# Sanding floor of Gheenoe



## Back Country (Dec 30, 2017)

Sorry for the funky placement of the pics. Still on the learning curve.


----------



## Guest (Aug 27, 2018)

Ok, you need to sand/grind to bare glass! Make sure no paint or gelcoat is where you need to achieve a bond. Make sure there are no shinny spots and you should get a good bonding surface. Now that you’ve washed it with soap and water... don’t need to again. Wipe with acetone followed by a good wax and grese remover before glassing to remove any residual contaminates. Kinda tough to tell from the pics, but looks to me like you need to do some more sanding.


----------



## DuckNut (Apr 3, 2009)

Here is what I would do now that you have sanded:

Get some DEP purple cleaner/degreaser and scrub. Then blast with a pressure washer. Turn it over for a couple days and let it dry.

Then I would wet it out and lay the cloth in. There will be enough area that the epoxy sticks and will never cause an issue. If you were making a different type of repair then I would tell you to grind away, but not in this case. If you do you will be grinding the glass there to Kleenex thin and that is not a good thing.

You've sanded enough - move along.


----------



## Back Country (Dec 30, 2017)

DuckNut said:


> Here is what I would do now that you have sanded:
> 
> Get some DEP purple cleaner/degreaser and scrub. Then blast with a pressure washer.
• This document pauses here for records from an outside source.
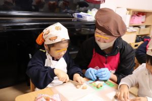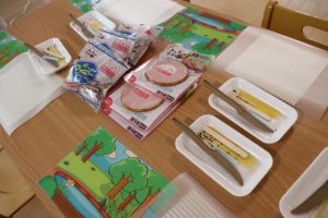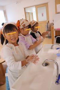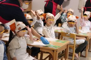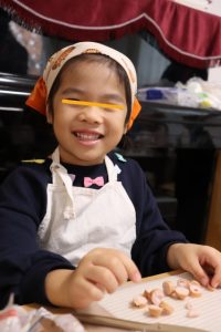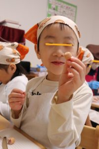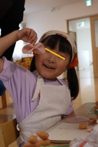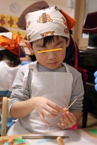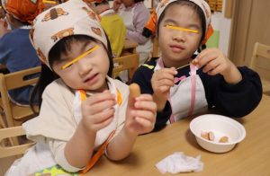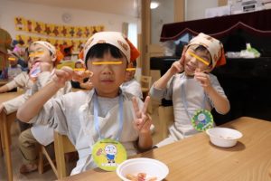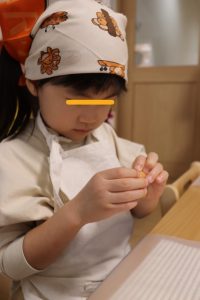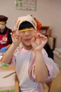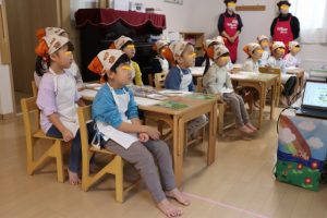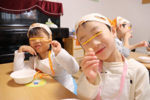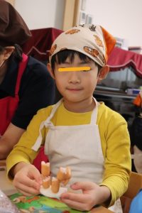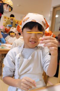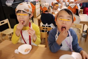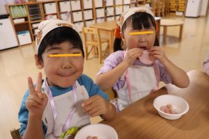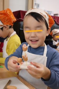 「食べ物と体」についてスライドでお勉強をした後は、ウインナーとハムを飾り切りし、美味しくいただきました。真剣なお顔で飾り切りに挑戦し可愛く出来上がってとっても嬉しそうでしたよ♪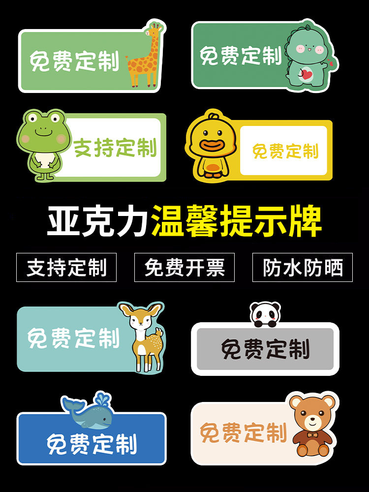 温馨提示牌定制卡通亚克力标识牌温馨提示贴广告牌展示牌定做创意网红风提示牌墙贴可爱门牌订制友情指示牌子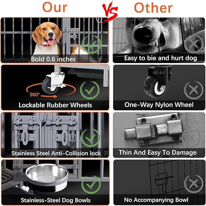 - γPractical & Easy to Move and CleanγThe dog crate comes with four smooth rolling locking wheels for easy movement and fixation, you can easily move the crate to different positions as needed. The dog crate comes with a pull-out tray for easy removal and cleaning. It also comes with a safety latch to avoid your smart dog from opening the iron door, effectively protect your pet.

Turn it over for a couple days and let it dry.
> 
> ...


Yeah, I was wondering if that might be the case. Thanks.


----------



## RunningOnEmpty (Jun 20, 2015)

Wow did they get a clog in the resin line to the chopper gun?


----------



## Back Country (Dec 30, 2017)

DuckNut, I've looked online and can't find DEP Purple cleaner/degreaser; I did however find ZEP Industrial Purple Cleaner and Degreaser --- is that the stuff you use?


----------



## DuckNut (Apr 3, 2009)

Back Country said:


> DuckNut, I've looked online and can't find DEP Purple cleaner/degreaser; I did however find ZEP Industrial Purple Cleaner and Degreaser --- is that the stuff you use?


My typo...that's it


----------



## Fishcally Irresponsible (Jun 26, 2018)

Unless you already have a well-stocked tool arsenal, Harbor Freight is your best friend for these projects. The best tool I've found for sanding the floor is a belt sander with 36 grit alumina zirconia belts (the blue ones). For smaller surfaces, I use a belt sander, and for really aggressive sanding, I use an angle grinder. If you go the angle grinder route, the 36 grit flapper discs work well, but the 24 grit carbide wheel is my new go-to if I need to remove a lot of material quickly.


----------



## 17376 (May 5, 2017)

Why not go with polyester since it’s made from polyester? Epoxy and polyester should never be used with one another... I know they say epoxy will stick to polyester.. however you will eventually have problems..


And I would use a tiger wheel( hard sand paper wheels for grinders) by the pictures you’re gonna need to sand it a bit more..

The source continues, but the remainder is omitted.